A council spokesperson said: “A second application from the organisers of the fundraiser for an earlier start for their event was declined. The Southdown and Eridge Hunt withdrew an application they had submitted for a 10 to 10.30am road closure.”

Polly Portwin, director of the Countryside Alliance’s Campaign for Hunting, said Boxing Day meets bring ‘thousands of people together from all walks of life’.

She said: “They are the highlight event for many living in often isolated communities. At a time when many high streets are struggling, meets inject energy and life and offer many local businesses, including pubs, cafes and shops, a much-needed economic boost at a crucial time of year. They are symbolic of the Great British countryside and an event that must be cherished and protected.”

The hunt was formed in 1981 by the amalgamation of the Southdown Hunt and the Eridge Hunt.

Southdown & Eridge Hunt said on its website that, since February 18, 2005, the group has ‘adapted to operate within the law and restrictions of the Hunting Act 2004’.
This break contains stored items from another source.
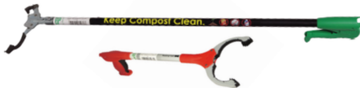
"NIFTY NABBERS" for removal of contaminants from food waste cart in cafeteria, 18" or 36" long
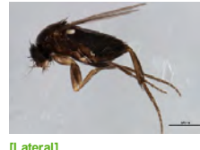
[Lateral] Phoridae BIN URI: BOLD:ABU5529
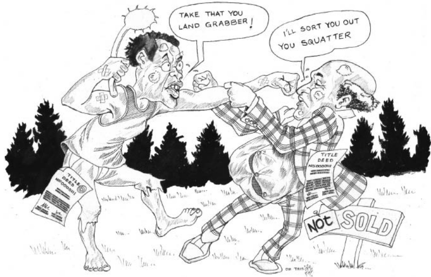
Haki yako urithi wako
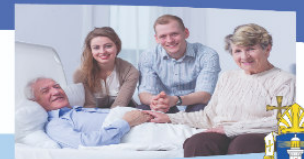
Hospital Chaplaincy and Pastoral Care
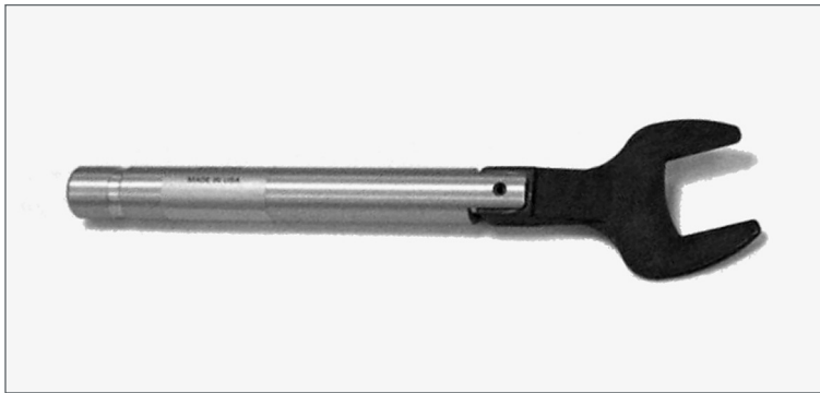
Keysight 20 mm torque wrench 8710-1764

The APC-3.5 (m) connector used on the SNS Series of noise sources has an extra-large nut to make it easier to tighten without applying torque to the noise source body. A 20 mm torque wrench is also available from Keysight for this application. Please contact your local Keysight representative for ordering information.
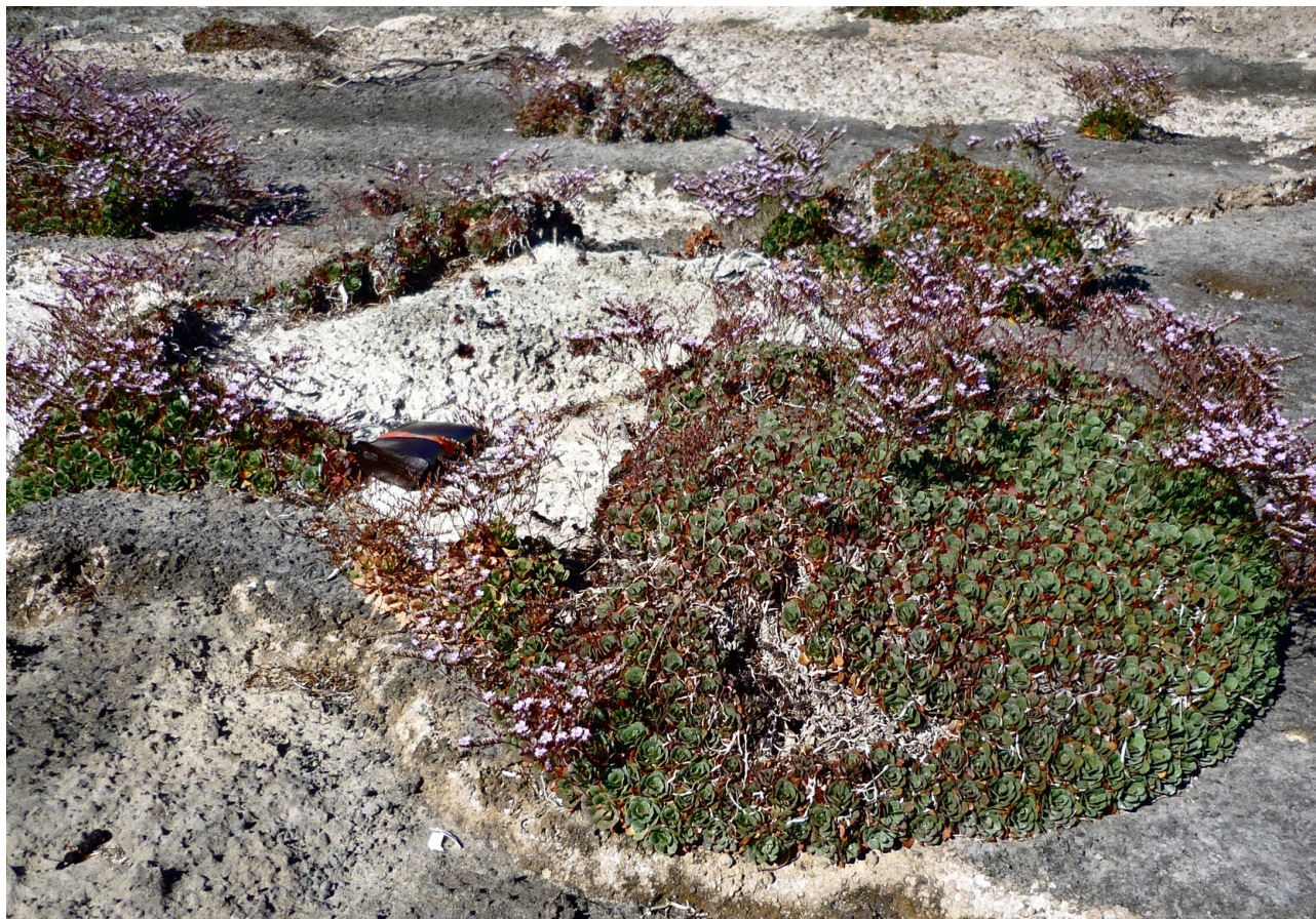
Fig. 4. Degenerating cushion of Limonium hyblaenum 40cm wide. Mounds of light grey to white fibrous peat can be seen in left part of cushion and sitting on grey calcarenite in background. Coffin Bay, South Australia.

I have not been able to find a reference to any control actions at all in other states.
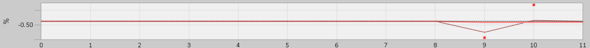
(N2) - N2, Core Speed, % -- N762CK-1 -- 695145 CRUISE GAS PATH
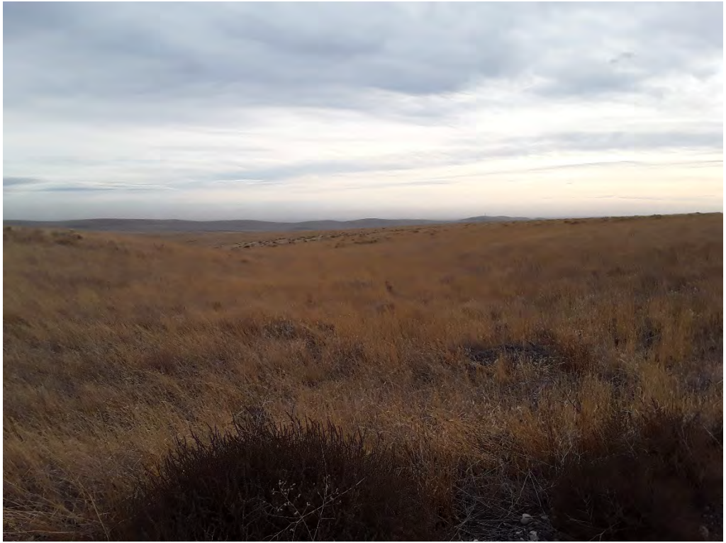
Photopoint 606. No beds, no banks, no stream present on NHD line.
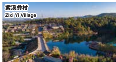
紫溪彝村 Zixi Yi Village
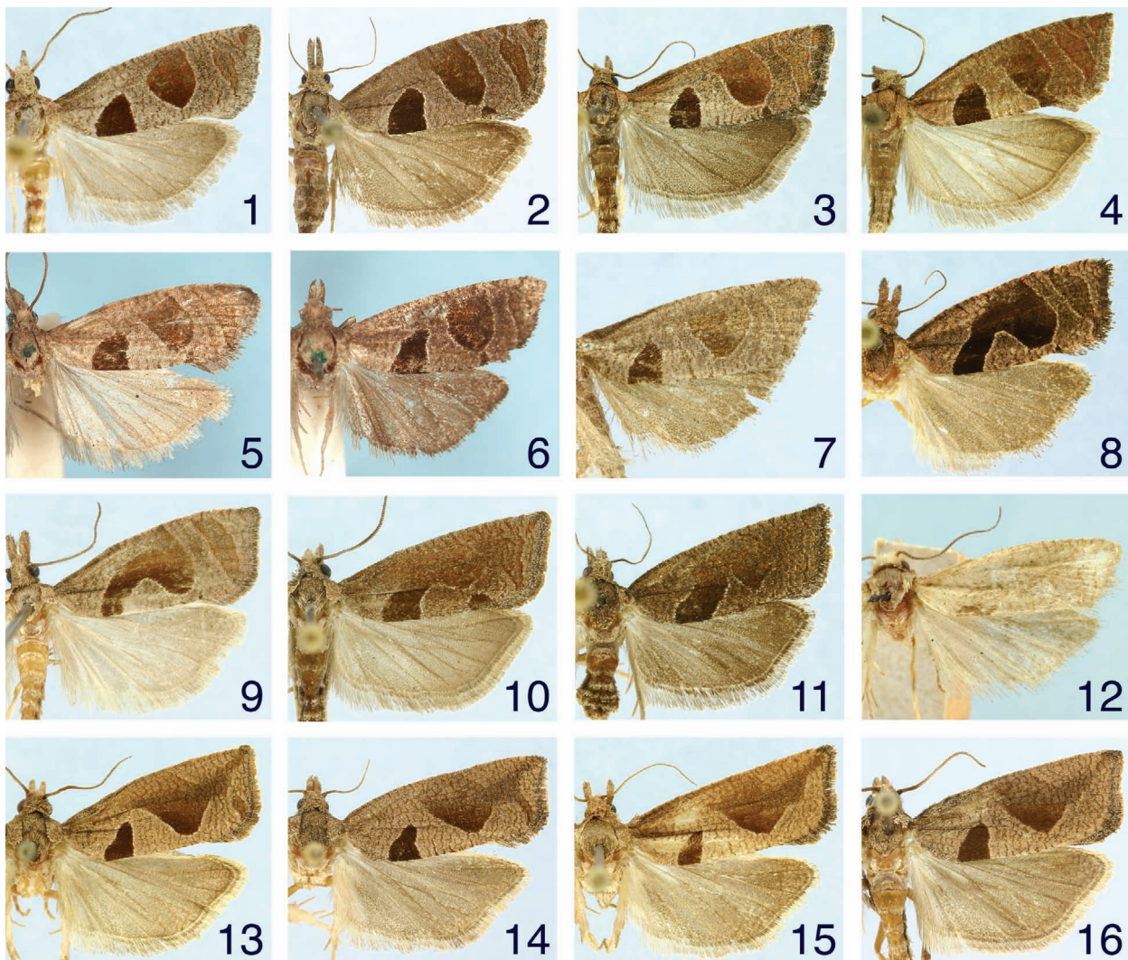
FIGS. 1–16. 1–7, E. dorsisignatana . 1, ♂, Adams Co., Ohio. 2, ♀, Ithaca, New York. 3, ♂, Larimer Co., Colorado. 4, ♂, Halifax, Nova Scotia. 5, P. clavata lectotype. 6, C. distigmata holotype. 7, E. d. diffusana lectotype. 8–9, E. similiana , form confluana . 8, ♀, Hamilton Co., Ohio. 9, ♂, Susquehanna Co., Pennsylvania. 10–11, E. similiana , form diffusana , ♂, ♂, Hamilton Co., Ohio. 12, E. engelana , lectotype. 13–16, E. oraria . 13, Holotype. 14, ♀, Accomack Co., Virginia. 15, ♀, Northampton Co., Virginia. 16, ♂, Worcester Co., Maryland.
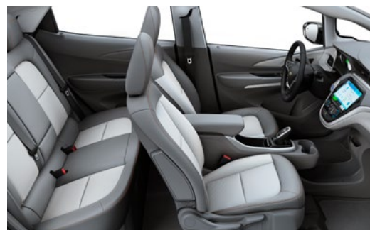
Light Ash Grey/Ceramic White Perforated Leather Appointments 5
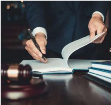
Made in Italy and intellectual property: the new law no. 206/2023
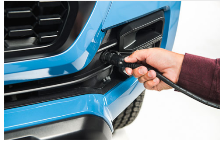
Premium Plug-In Block Heater $455.31

Engineered by TRD, these intense LED fog lights pack a lot of brightness into a compact package. Aluminum housings feature the Rigid Industries® logo, and rugged construction helps ensure that these lights can endure harsher environments. With their wide-angle beam pattern, these lights help ensure you have light when, and where, you need it.
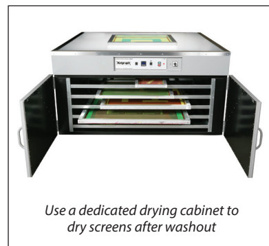
Use a dedicated drying cabinet to dry screens after washout

Screens can be dried either vertically or horizontally, whichever is the most convenient for production, but it is recommended that a dedicated screen drier is used for this post washout drying. After drying it is good practice to let the screens stand for at least 24 hours before printing as they will continue to harden and this will maximise their durability, this is especially beneficial for photopolymer stencils.

A spokesperson added: “[We have been] maintaining the tradition of a mounted and foot followers meet with hounds then hunting pre-laid artificial trails or lines, allowing followers to watch the hounds working. The hunt is also permitted to hunt rabbits, providing a valuable service to their landowners.

"During the course of each hunting day we combine activities to provide a varied and unpredictable day for our followers. The police are aware of our activities.”